For all their struggles, Bolton have some attacking players who should pose a threat, even against the Greatest Championship Defence Ever (ours). Adam Le Fondre is the ultimate poacher, Zach Clough is highly-rated and 38-year old Aaron Wilbrahamovic even started against Sunderland. What a man.

This is a game, even after the trials and tribulations of IpsLOL and WoLOLves, that City are expected to win. But can they maintain the intensity of the last two games against the type of side who’ve caused them problems at home all season? ZW

Fun Fact

In 2014, Bolton renamed the Reebok Stadium the Macron Stadium to show their support for French politician and legendary Wanderers supporter Emmanuel Macron. Macron, who has a Johan Elmander tattoo on his left hip and cites Sam Allardyce as his major political influence, has since become the youngest French President in history. Bolton believe that the election victory was in no small part down to the brand awareness created from their ground name switch.

Predictions

ZW: It says a lot about our season that I’m more worried about this game than I was about either of the previous two. I just hope the team isn’t too tired, and that they can maintain their concentration and excellent form, especially in the second half of games. That said, we do need to win it, so I think we will, apart from if we draw and it’s really boring, which I’m not ruling out.

Zoë Assumes: Let’s do this, guys. Fully-paid-up members of the top half, here we come. Norwich City 2-0 Rodney Trotters.


RJ: Bolton? LOLton more like. These chancers haven’t got a prayer, who do they think they are coming down here and playing us at football? We will finally click like a well oiled machine on Saturday and trounce the trotters. It could be a cricket score. That’s right, in case you missed it I am confident we will win. #trouncethetrotters

Rich Reckons: Face tackles. I want to see face tackles. Nelson’s County 1 - The County With Nelson The Town (as well as some other towns including Bolton) in it 0.

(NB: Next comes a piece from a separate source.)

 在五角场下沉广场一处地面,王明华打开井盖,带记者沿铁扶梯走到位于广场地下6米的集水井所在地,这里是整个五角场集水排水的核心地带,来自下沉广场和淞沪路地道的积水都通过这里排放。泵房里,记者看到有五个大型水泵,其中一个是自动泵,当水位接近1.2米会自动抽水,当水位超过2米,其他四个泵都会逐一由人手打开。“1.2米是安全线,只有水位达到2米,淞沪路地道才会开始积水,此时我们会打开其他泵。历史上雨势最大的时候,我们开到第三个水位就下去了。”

CT: As wonderful as the last week has been I would appreciate a perfunctory win against Bolton, preferably with goals at calmer minutes such as 34 and 68; everyone in their seats, no-one hot footing it to the bar for half time or trotting off down Carrow Rud with their carrier bags.The last ten seconds will be dull, but we will have to cope. Maybe we could start a round of commemorative applause at 94 minutes 53 seconds instead.

King Timm might be missing, which would be less than pleasing-bulging those biceps must have caused a knock on effect in his hammy’s- but this team is #buzzing right now so let's take Bolton down.

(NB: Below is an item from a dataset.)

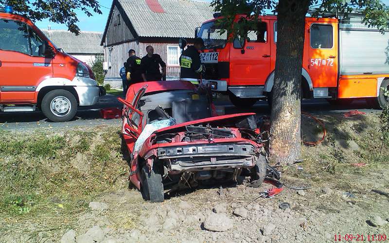 Prawdopodobnie w wyniku nadmiernej prędkości, kierujący samochodem audi 80 stracił kontrolę nad pojazdem i uderzył w drzewo. Ciężko ranny kierowca został przewieziony do szpitala. W działaniach ratowniczych uczestniczył zastęp OSP Małkinia oraz JRG PSP Ostrów Maz.

Clare Calculates: I’m ignoring the fact Norwich have form for crashing down to earth from great heights with frustrating 1-0 home defeats to relegation fodder and predicting a professional, calm 2-0 win. And I want a bonus point if the other thing happens.

SW: Having gone wandering away to the Wanderers on Wednesday, the Wanderers will now come wandering our way. One certainly wonders whether the Wanderers and their cheeky Le Fondres can make Norwich squander their run of not-losing-in-a-fucking-yonder. Enough rhyming silliness because it’s time to get serious – it’s from here on the race begins. If we want to be in the mix, in that sacred top six, against Bolton we must be getting a win.   

Seb Foresees: A Hanley header, a Gunny glove and a few MaddiSpins™ to send Bolton whirling. All the elements we’ve seen in parts but not in full, finally coming together in a big, spanking, great victory. Did I mention an Oliveira hattrick? Norwich City 3-0 Bolton Wanderers.